Goal of the exercise
An exact restatement is required. Cover only the lines of the records from the first through the line with "其中,凯淳股份、天泽信息、焦", and skip pictures.

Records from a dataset

····················

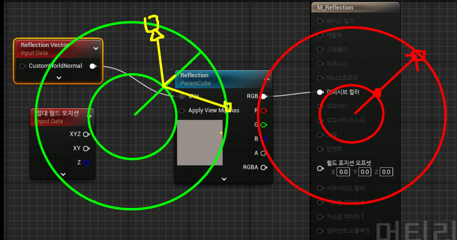 리플렉션 벡터를 사용하면 굴절이 있다.
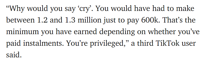 还有一位网友说:"你有什么好哭的呢?60万的税款意味着你的收入至少达到120万到130万澳元。这还是你最低的收入,取决于你是否用了分期付款。你得了便宜还卖乖。"
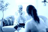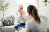 old woman thinking with psychologist in consultation office for mind, evaluation or assessment.
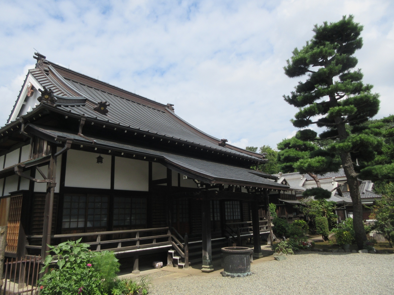 京王線・千歳烏山駅から15分ほどのところに形成されている寺町の一画に建つ浄土真宗の寺院です。関東大震災により、大正時代の終わりに浅草から移ってきました。中央自動車道をくぐった先に建つ寺で、広々とした境内と木造の本堂、境内に植えられた松とイチョウの木が、寺に落ち着きを与えていました。静かな境内からは寺らしさも感じられました。
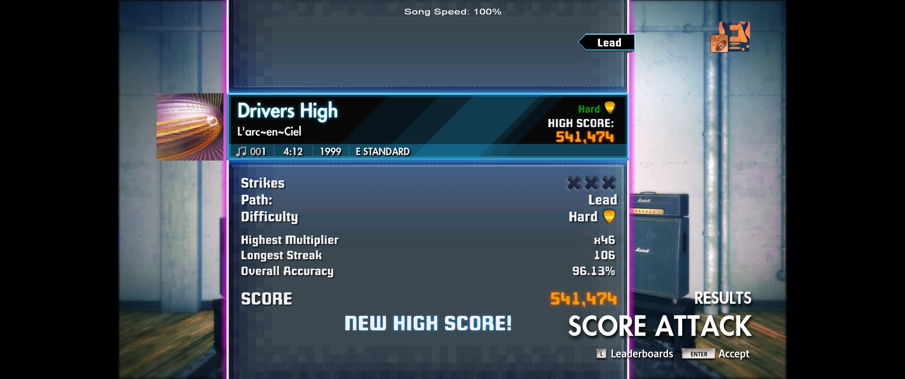 Beginner Lead = same % but higher score/streak - feel like I'm close to 100%, just can't nail the solo at the end out of Riff repeater
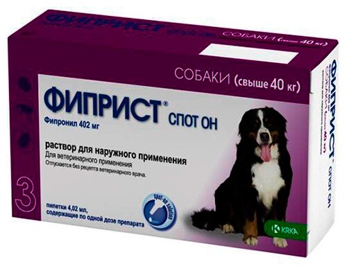 Сервис сравнения цен СкидкаГИД предлагает сравнить цены на товар «Капли для собак KRKA Фиприст Спот Он от блох и клещей, весом свыше 40кг 402мг, 3 пипетки»
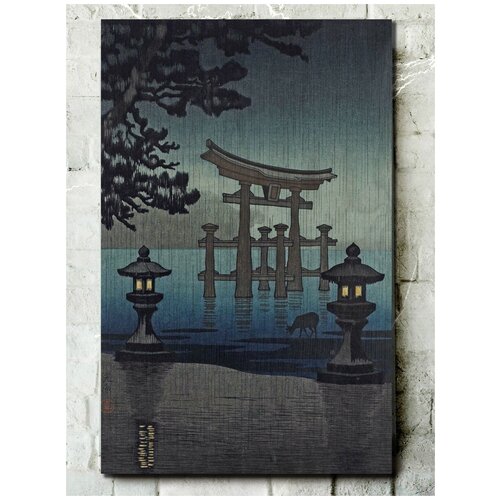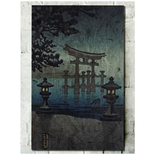 Картина интерьерная на дереве японская живопись (укиэ - ё, пагода) - 898
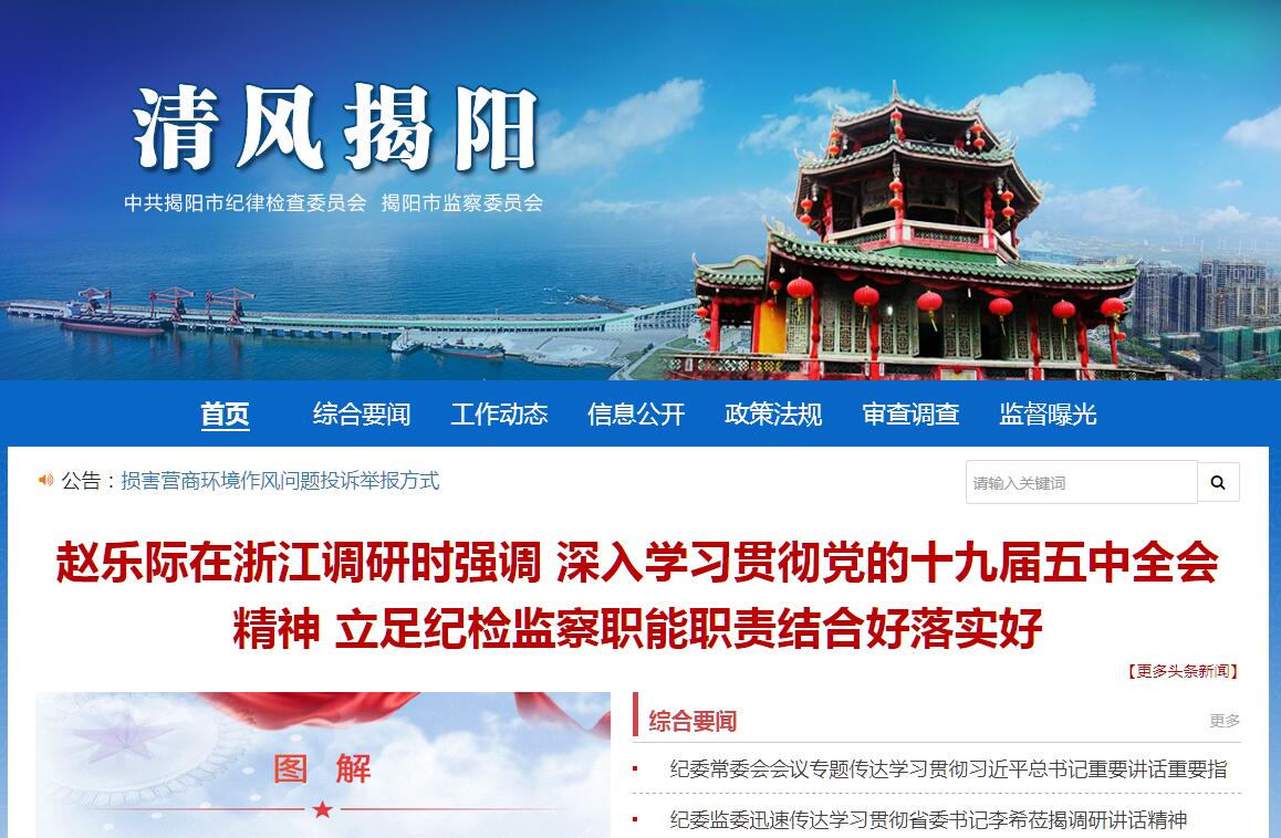 | 網(wǎng)站簡(jiǎn)介: 清風(fēng)揭陽(揭陽廉政網(wǎng))是中共揭陽市紀(jì)委、揭陽市監(jiān)察委官方網(wǎng)站,是全市反腐倡廉建設(shè)的輿論陣地,紀(jì)檢監(jiān)察機(jī)關(guān)工作信息平臺(tái)。 |
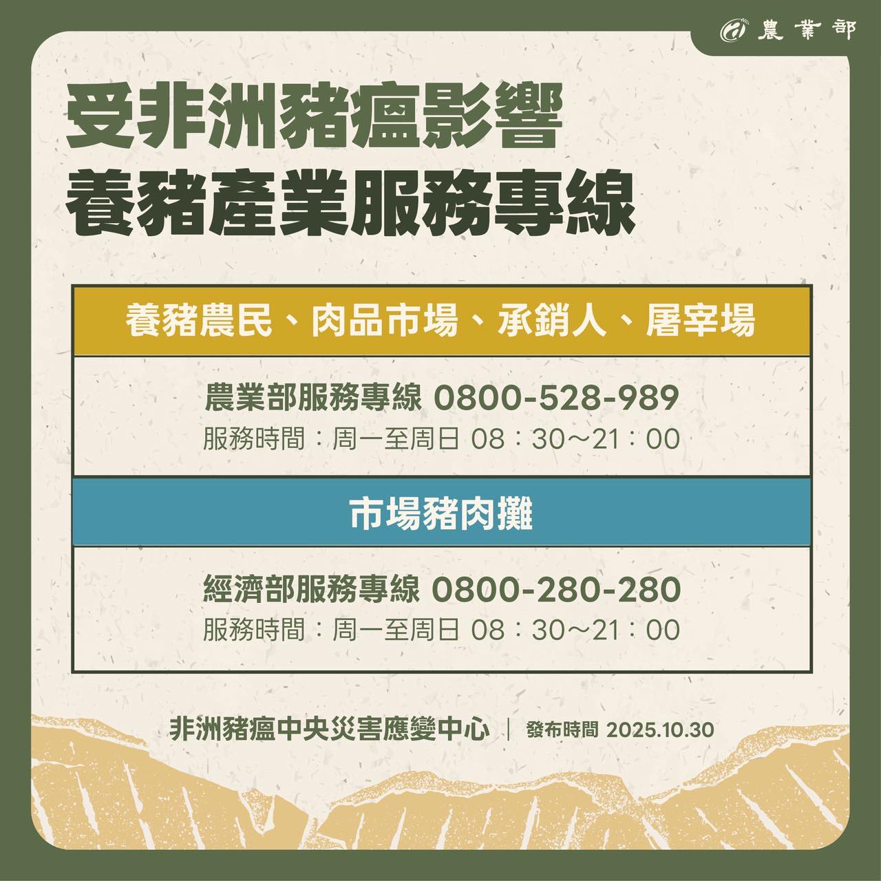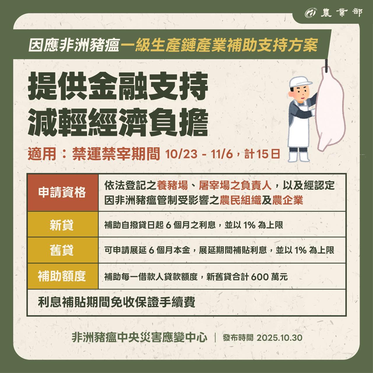 謝謝養豬一級產業鏈,共體時艱,配合政府從嚴防疫。
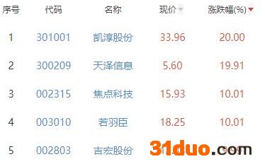 其中,凯淳股份、天泽信息、焦点科技、若羽臣、吉宏股份位列板块涨幅前五位,涨幅分别为20.00%、19.91%、10.01%、10.01%、9.99%。
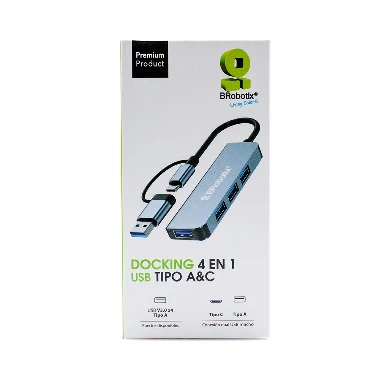BRobotix 6005460. Tecnología de conectividad: Alámbrico, Interfaz de host: USB 3.2 Gen 1 (3.1 Gen 1) Type-A + Type-C. Color del producto: Negro, Gris, Interfaces de concentradores: USB 3.2 Gen 1 (3.1 Gen 1) Type-A, USB 3.2 Gen 1 (3.1 Gen 1) Type-C. Ancho: 90 mm, Profundidad: 28 mm, Altura: 10 mm. Cantidad por paquete: 1 pieza(s), Ancho del paquete: 61 mm, Largo del paquete: 11 mm. Longitud de cable: 0.17 m
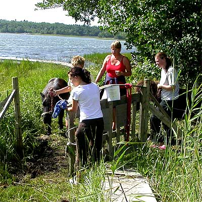 | Comment | Nattvilan för de båda hästarna på Skäret är slut, när grinden öppnas och de leds till Snickargården. |
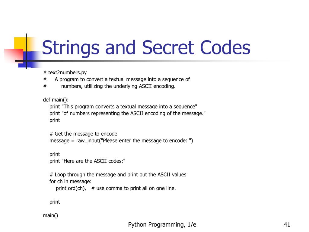 Strings and Secret Codes • Inside the computer, strings are represented as sequences of 1’s and 0’s, just like numbers. • A string is stored as a sequence of binary numbers, one number per character. • It doesn’t matter what value is assigned as long as it’s done consistently. Python Programming, 1/e
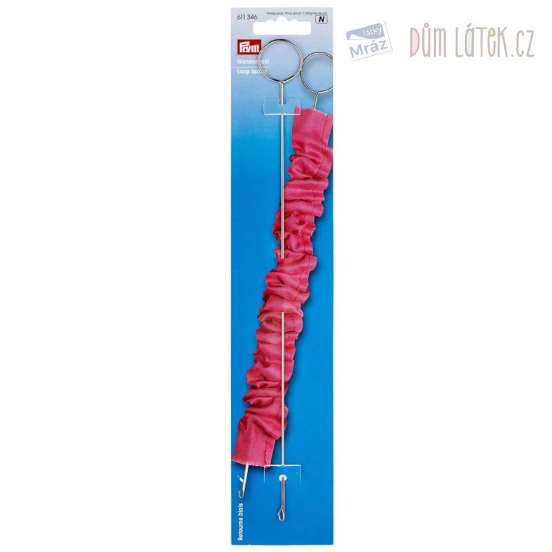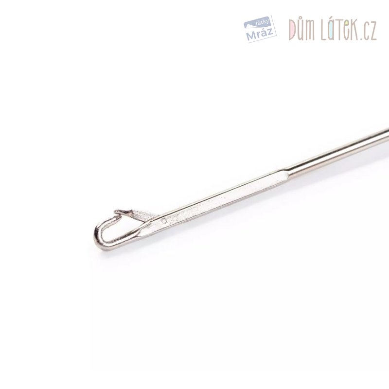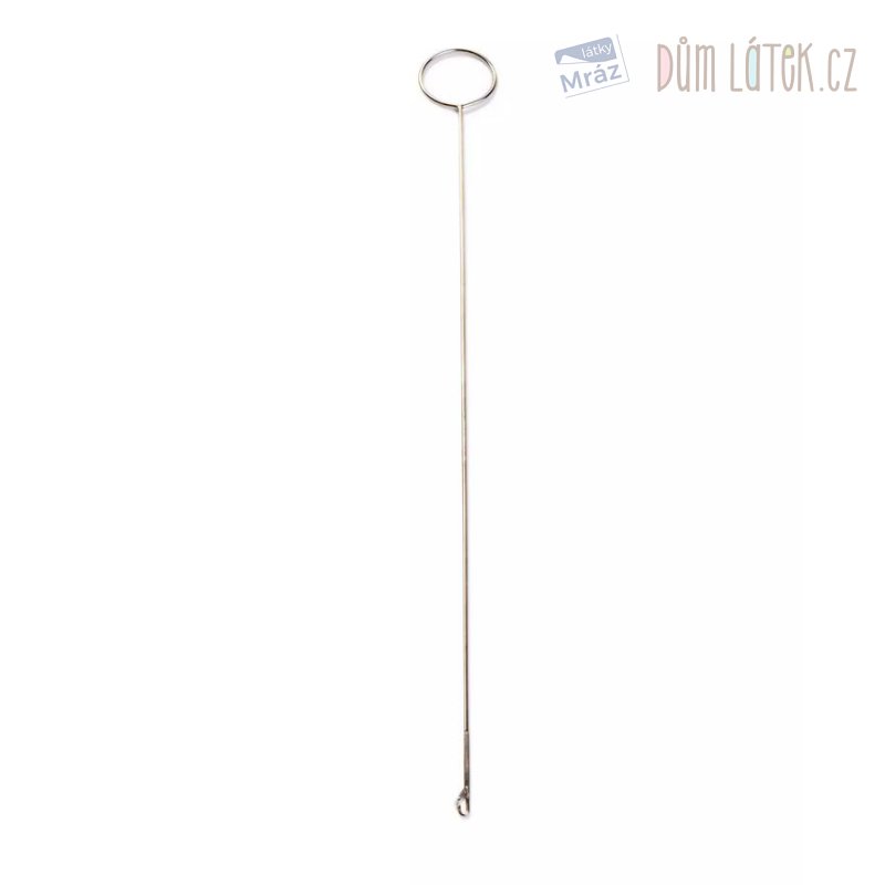 24 cm dlouhá ocelová jehla s očkem na prsty a háčkem pro snadné obracení látkových dutinek.

····················

Output of the task
 리플렉션 벡터를 사용하면 굴절이 있다.
 还有一位网友说:"你有什么好哭的呢?60万的税款意味着你的收入至少达到120万到130万澳元。这还是你最低的收入,取决于你是否用了分期付款。你得了便宜还卖乖。"
 old woman thinking with psychologist in consultation office for mind, evaluation or assessment.
 京王線・千歳烏山駅から15分ほどのところに形成されている寺町の一画に建つ浄土真宗の寺院です。関東大震災により、大正時代の終わりに浅草から移ってきました。中央自動車道をくぐった先に建つ寺で、広々とした境内と木造の本堂、境内に植えられた松とイチョウの木が、寺に落ち着きを与えていました。静かな境内からは寺らしさも感じられました。
 Beginner Lead = same % but higher score/streak - feel like I'm close to 100%, just can't nail the solo at the end out of Riff repeater
 Сервис сравнения цен СкидкаГИД предлагает сравнить цены на товар «Капли для собак KRKA Фиприст Спот Он от блох и клещей, весом свыше 40кг 402мг, 3 пипетки»
 Картина интерьерная на дереве японская живопись (укиэ - ё, пагода) - 898
 | 網(wǎng)站簡(jiǎn)介: 清風(fēng)揭陽(揭陽廉政網(wǎng))是中共揭陽市紀(jì)委、揭陽市監(jiān)察委官方網(wǎng)站,是全市反腐倡廉建設(shè)的輿論陣地,紀(jì)檢監(jiān)察機(jī)關(guān)工作信息平臺(tái)。 |
 謝謝養豬一級產業鏈,共體時艱,配合政府從嚴防疫。
 其中,凯淳股份、天泽信息、焦点科技、若羽臣、吉宏股份位列板块涨幅前五位,涨幅分别为20.00%、19.91%、10.01%、10.01%、9.99%。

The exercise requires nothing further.